People like Trump and Bernie are popular because Congress doesn't have the power to get things done, even with control of government. The gridlock alienates voters and pushes them to the extreme.
Quote (bogie160 @ Sep 22 2020 11:22am)
I'll let Lindsey Graham explain what he meant and why he changed his mind.
The Senate and President disagreed. An election was required to break the stalemate. The Republicans won, and got their pick.
The filibuster was killed by Reid. You don't get to decide "this one is still off limits" just because you didn't have a seat to fill at the time. The voters decided, Trump got his mandate, it is ridiculous to think that the Democrats were going to be allowed to filibuster every appointment for 4 years straight.
Stacking a Court with additional appointments specifically to dilute the power of the existing justices will create the perception that the Court is an appendage of Congress. That is why RBG herself opposed court-packing. You can't have an independent judiciary when Congress packs it with an ever expanding list of less and less qualified judges.
You're going back and forth... sometimes invoking norms, sometimes arguing pure power politics.

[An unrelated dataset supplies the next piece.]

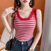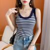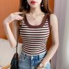 Otoño e invierno Nuevo chaleco térmico a rayas para mujer con forro polar engrosado cuello redondo de una pieza de terciopelo con tirantes ajustado camiseta interior
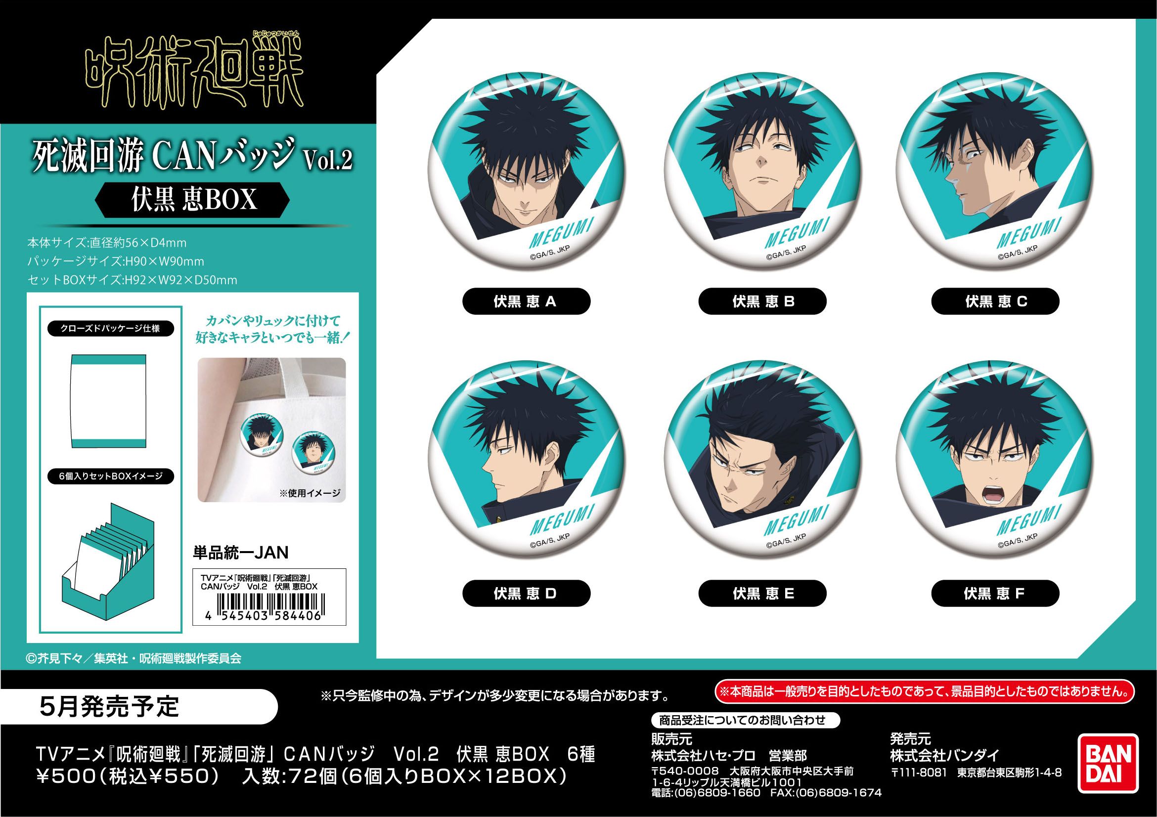 TVアニメ 呪術廻戦 死滅回游 CANバッジVol.2 伏黒 恵BOX 6個入り1BOX

The filibuster for SC picks was nuked by McConnell. It's just a fact. If you want to argue that was justified because Democrats would've held up any pick, that's a fair argument. But that was the rationale for Reid nuking the filibuster on lower court picks... a reaction to obstruction. And the Democrats escalating will be a reaction to McConnell's obstruction and escalation. It's a fool's errand to try to absolve any one side of blame in this fight.
You're simply assuming Democrats will nominate picks that aren't qualified. I don't see why they would do that.
Anyway, I'm not saying packing the court is a good thing, but it's a reasonable escalation to the actions of Republicans since 2016.
Quote (Black XistenZ @ Sep 22 2020 11:37am)
This whole ideological stalemate between liberals and conservatives can only end if one side is able to achieve a comprehensive victory and dominate several election cycles in a row. Think of the way FDR and his New Deal coalition stomped the laissez-faire Republicans of the 1920s and ushered in an era of Democratic dominance that lasted until 1968.
Or we can remove the filibuster, allow majorities to govern, and America will decide who does it better. The do-nothing Congress makes all of this worse. It encourages hyperpartisanship, gives the executive reason to overreach, etc.